My family was trying to help me all they could. They sent me to different 30 day rehabs, which I would complete and come out and go right back to heroin. No matter how bad I wanted to stop, I couldn’t. I didn’t know how or which direction to turn. Eventually the law would catch up to me. So here I was 28 years old waking up in prison thinking this was a dream. While I was in prison my mother contacted Restoration Ministries to find out what it was I would have to do to come into their ministry because there was no way I was going to parole out of prison and go to their house or either one of my sisters’ and brother-in-laws’ houses. I had burned all those bridges way too many times and they were not going to go off of my word that I had changed or that the system changed me. My word had no value to them and hadn’t for some time. So I was going to have to go somewhere to prove that I had enough and wanted to change.

I paroled out of prison on July 19, 2013 to a halfway house on 149th and Lincoln in Harvey.
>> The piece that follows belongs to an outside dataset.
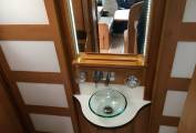 washbasin with mixer tap, a Thetford cassette toilet, a medicine cabinet,
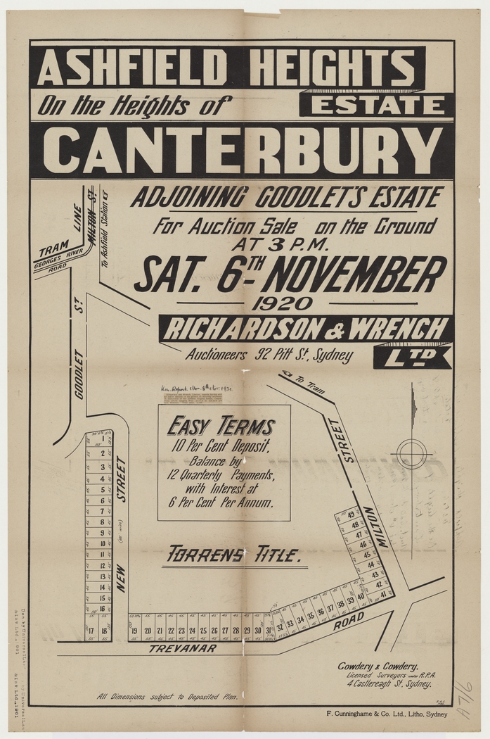 Description: Ashfield Heights Estate Canterbury, 1920, Richardson and Wrench, New St, Trevenar Rd, Milton St, Goodlet St, lithograph F Cunningham and Co., State Library of New South Wales Z/SP/A7/6

I had to deal with a few issues with the parole office and because of that I did not come into the doors of Restoration Ministries and Harvey House until July 26, 2013.

Restoration Ministries has definitely been a godsend in my life. It has been a transformation process that all of my family and friends can say has worked. I always believed in God, but never allowed the process of God to work. God has given us all free will to do what we want, but when I was truly changed all of my decisions and choices changed. God put the right people in place in my life from Dr. Sullivan and Ray Banks to members of the Spirit of God Fellowship. I remained teachable and open to everything because I finally realized my life was worth it. Dr. Sullivan always says, “He doesn’t care where you were yesterday, but he is excited about where you will be tomorrow.”

Since I have been at Harvey House I have graduated from the program on January 28, 2015. I also went back to South Suburban College and finished my associate degree. I am starting at Purdue University Calumet for my bachelors in business in the fall of 2015. I have been the Director of Harvey House since September 2014. My family wants me to come around all the time for family gatherings because they too have seen the complete change in my life. It is about my actions and the consistency behind my actions. God has a purpose for each one of us. I had to go through the suffering I went through because that is what has built my character to who I am today.